Let’s start with vision. Are you a vision or a goal person? Or maybe you like both? Or neither?
I definitely fall in the vision camp, even though I’m a coach, and I know I’m supposed to love goals. Maybe there is a place for each, but more often than not, I find vision more expansive and goals more limiting.
To me a vision comes from the imagination, allowing yourself to dream and consider what might be possible. When I’m forming a vision, I’m considering how I want to feel.
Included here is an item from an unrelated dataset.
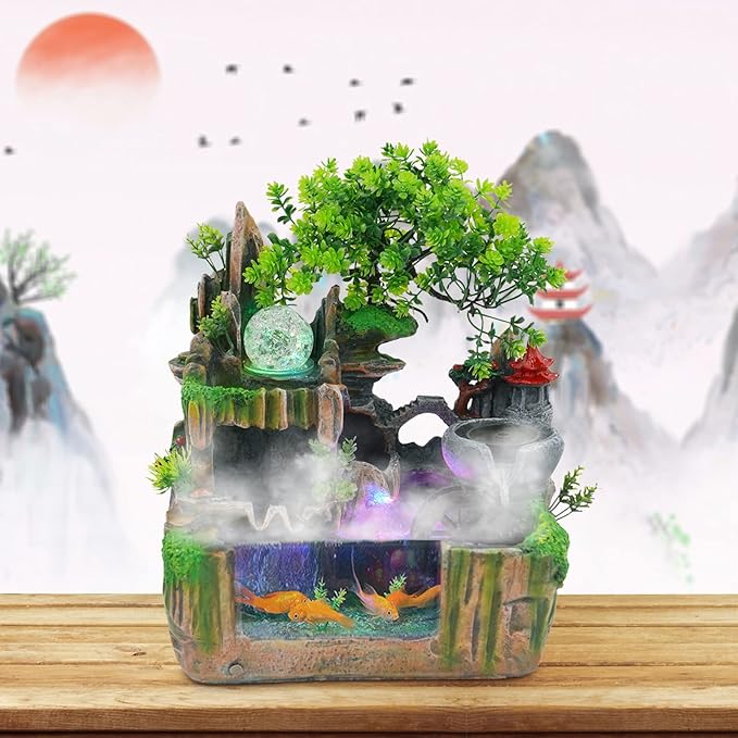 - Multi-purpose: The wonderful rockery and natural imitation greenery are charming and unique and can be used as decoration to add color to your tabletop. In addition, CaLaOCO indoor fountain rockery can also be used as a fish tank to add interest to your space

I may not have all of the details, but I give myself permission to paint a picture in my mind and feel in my heart what it is that I’m wanting. A vision is something I breathe into as I breathe life into it. It fills me, and I hold it. But, I don’t necessarily “work” at it. I conjure it, and I hold it in my heart. I put it out to the Universe, and I go about my business.
Of course, there are steps I have to take along the way. I can’t just sit on the couch eating bon bons and expect things to materialize, and yet, I’ve also found that it doesn’t necessarily take hard work to bring things into reality.
Real Life Example
I just came across a notebook I had been gifted in 2016 that had space for me to write down a mantra for the year, my top 5 values, a vision statement and a personal and professional mission statement. Then I could record various goals I had, stating why they were important to me, a projected completion date, and an action plan with lots of blocks for steps.
Here’s where I see a distinction between goal and vision. Stating the goal (or thing I desire in my life) and naming why it’s important to me feel like vision. Giving it a projected completion date is a blend of vision (I don’t know, but this seems realistic…) and goal (I will have it completed by ___). The action plan is where we name steps toward achieving that completion date.
The cool thing is as I look back at this book from 6 years ago, the very first goal I didn’t even remember naming at that time was to have a home on a lake. Why? “Because on the water is where I find my greatest peace, align with my spirit, and tap into my highest creativity.” I gave myself a projected date of 2021 – 5 years out. Why? Because the truth was, I thought this was a pipe dream. I wanted it, but I didn’t really think it would ever happen. I thought I was writing and boldly declaring something outlandish. We had NO desire to move again, I didn’t know if my husband was on board, and I didn’t think we could afford it.
So, even my vision was kind of wishy-washy, but I felt the call in my heart and soul, so I let myself put it down anyway.
My action steps (most which were never taken):
1. Begin a savings plan specifically for this goal,
2. Talk to my husband, Tom, to be sure he’s on board, and
3. Create a vision board to bring this dream into reality.
Why is this so cool?
1. Because within a short time I forgot I had even written it down,
2. Because I only took one of those action items (the only one I really needed to which was talk to Tom), and
3. Within a year we were getting our house ready to sell, and 3 months later we had closed on our lake home! “Goal” met 4 years earlier than my wild projection!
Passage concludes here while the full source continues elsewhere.